The county, which has the third-highest number of cases in Maryland, will also align with the state guidelines allowing 50% occupancy in retail stores and in churches starting at 5 p.m. Friday.

Howard County Executive Calvin Ball Thursday said his jurisdiction would allow outdoor dining.

“Outdoor seating is a meaningful first step, and we’re hopeful that if our data trends continue in the right direction we can resume more activities. Our team is working with our Health Department and local businesses to adjust and provide guidance on how to accommodate those without outdoor seating currently. We hope to have some creative solutions in the coming days.”

Howard County’s outdoor dining provisions are similar to Hogan’s and limit six to a table with six feet between tables.

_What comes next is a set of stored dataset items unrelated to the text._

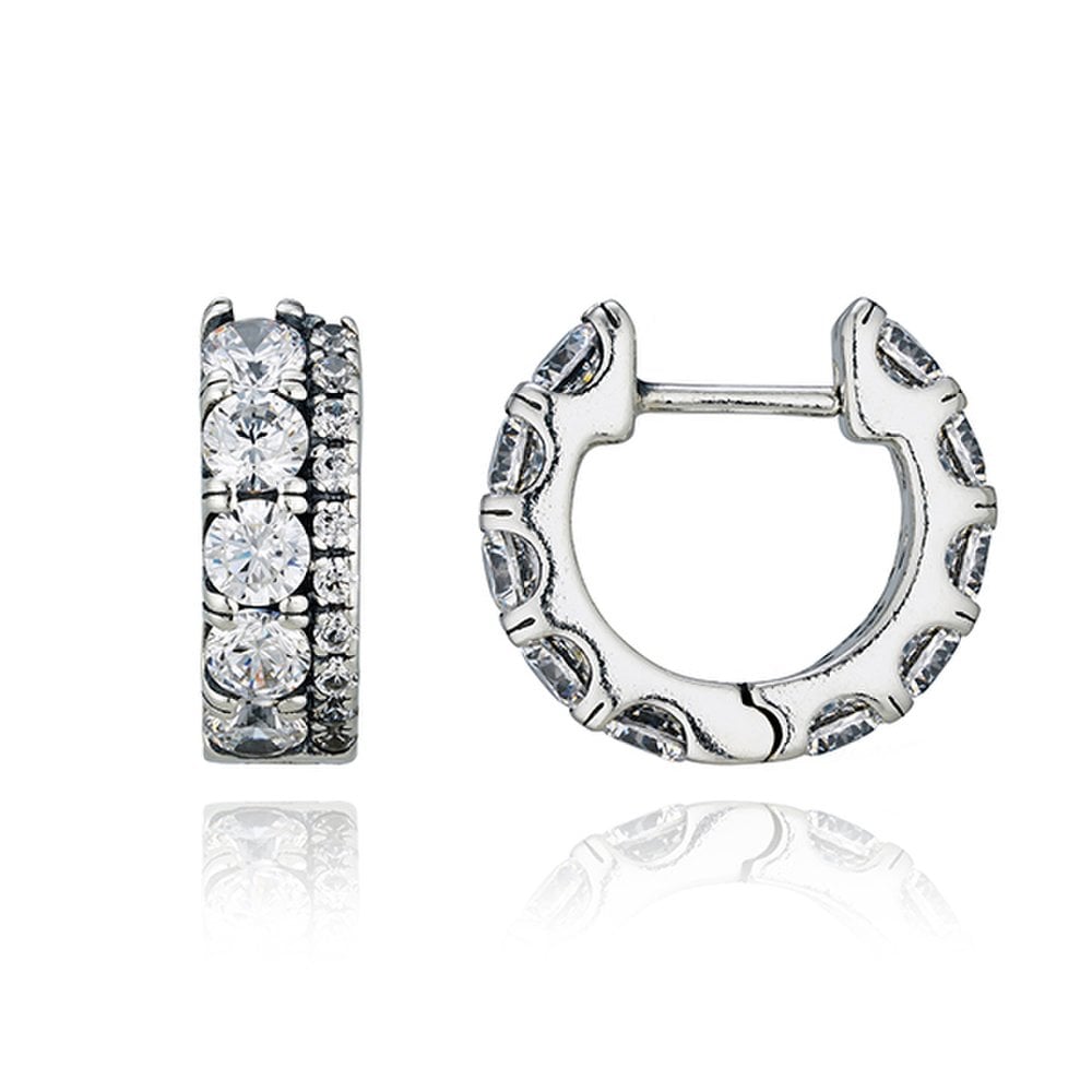 Pandora 290058C01 Вневременные серьги-кольца с двойным паве из серебра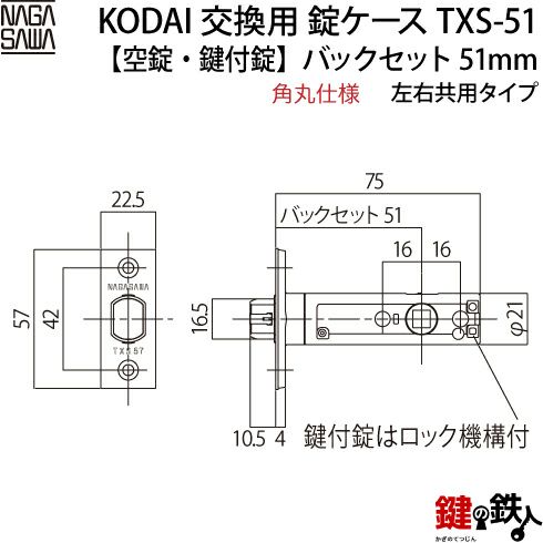 TXS-51錠 KODAI 取替え 交換錠ケース 角丸仕様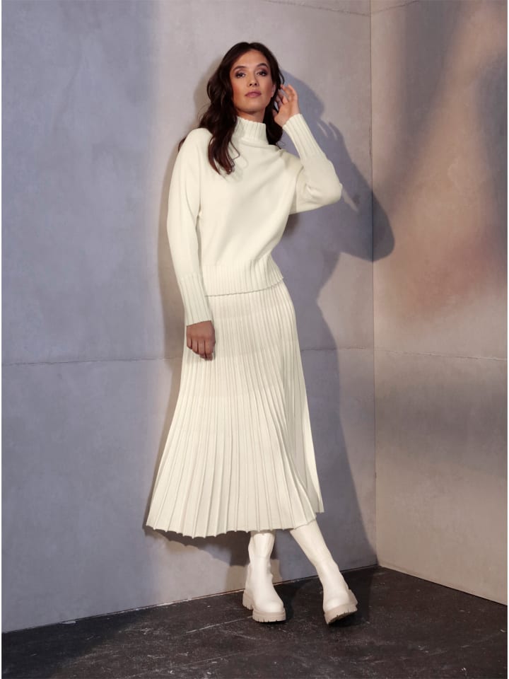 Эта юбка из мериносовой шерсти облегает фигуру благодаря гладкой, тонкой вязке и красивому широкому плиссированному подолу. Тщательно выполненная юбка с трикотажным поясом, скрывающим широкую, удобную резинку.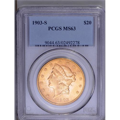 1903-S $20 MS63 PCGS. Well struck, and highly lustrous

Social distancing, disinfection protocols and use of face covering by restaurant employees are required.

Baltimore City Mayor Bernard C. “Jack” Young muddied the waters Thursday by announcing that a stay-at-home order that bans all but essential excursions would stay in place at the same time he announced that restaurants with outdoor dining permits can open on Friday when Hogan’s order takes effect.

Young called the decision to dine out “personal.”

The tensions that have been built up by the economic lockdown designed to halt the spread of the virus were evident at Elrich’s news conference.

He was heckled frequently and sometimes shouted down by people yelling “dictator” and “fascist” while others held signs with messages, including “Free us please.”

“I want to open up as much as everyone else does,” Elrich said, addressing some of the hecklers. “I do not understand why people think anybody wants to lock down. There is nothing in locking down that makes anybody happy. I don’t get to do the things that I want to do.”

Elrich ended the news conference abruptly, walking away as some in the crowd yelled “recall.”